Не успел король договорить эти слова, как в дверь тихонько постучались, и Мирон сказал:
— Ваше величество! Ее величество королева идет сюда!
— Ах, черт! — сказал король и отпер дверь.
В кабинете был паж Рауль, явившийся от королевы с просьбой принять ее немедленно. Король велел сказать матери, что ждет ее, и жестом указал Ноэ на комнату, где лежал Генрих. Ноэ прошел к раненому, а следом за ним туда вошла и Маргарита.
— Вовсе не нужно, чтобы королева застала меня здесь! — сказала она брату-королю, после чего заперла дверь.
Вскоре в соседней комнате послышались шаги королевы-матери.
— Она будет требовать моей головы! — сказал Генрих улыбаясь.
— Ну что же, — сказала Маргарита, прикладывая сначала глаз, а потом ухо к замочной скважине, — всякий, кто живет в Лувре, подслушивает у дверей. Будем делать, как делают все!
II
Когда Сарра выбежала из дома, Рене вспомнил, что они даже не решили с ней в деталях, как и когда будет совершена передача тайны сокровищ Самуила Лорьо. Ее обещание было слишком неопределенно и давало возможность ко всяким уверткам. Рене решил догнать женщину и попытаться заставить ее сформулировать условия более точно.
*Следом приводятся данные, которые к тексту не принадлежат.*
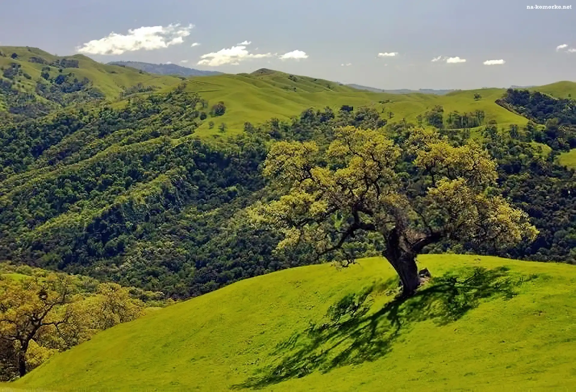 Wzgórza, Drzewa, Zieleń na Komórkę

Но Сарра бежала очень быстро и имела достаточный выигрыш во времени. Поэтому, когда Рене дошел до кабачка Маликана, ее там уже не оказалось. Зато при виде Маликана у Рене блеснула в голове новая мысль.
— Здравствуй, дорогой мой Маликан, — ласково сказал он, отвечая на поклон кабатчика. — А меня к тебе послала королева…
— Королева?
— Да! Ее величество узнала, что один из дворян, которого она очень любит и которого я тоже очень люблю, поссорился с кем — то у тебя в кабачке…
— Да, это сир де Коарасс.
— И дрался на дуэли!
— Да, с каким-то незнакомцем.
— Который, как говорят, тяжело ранил его?
— О нет, рана очень легкая!
— Ах, — сказал Рене, — тем лучше! Я с облегчением перевожу дух!
— Через неделю он будет на ногах.
— Это очень хорошо. Он у тебя, надеюсь? Я хотел бы повидать бедного сира де Коарасса!
— Нет, его у меня нет.
— Но ведь не мог же он добраться, сам до своей гостиницы?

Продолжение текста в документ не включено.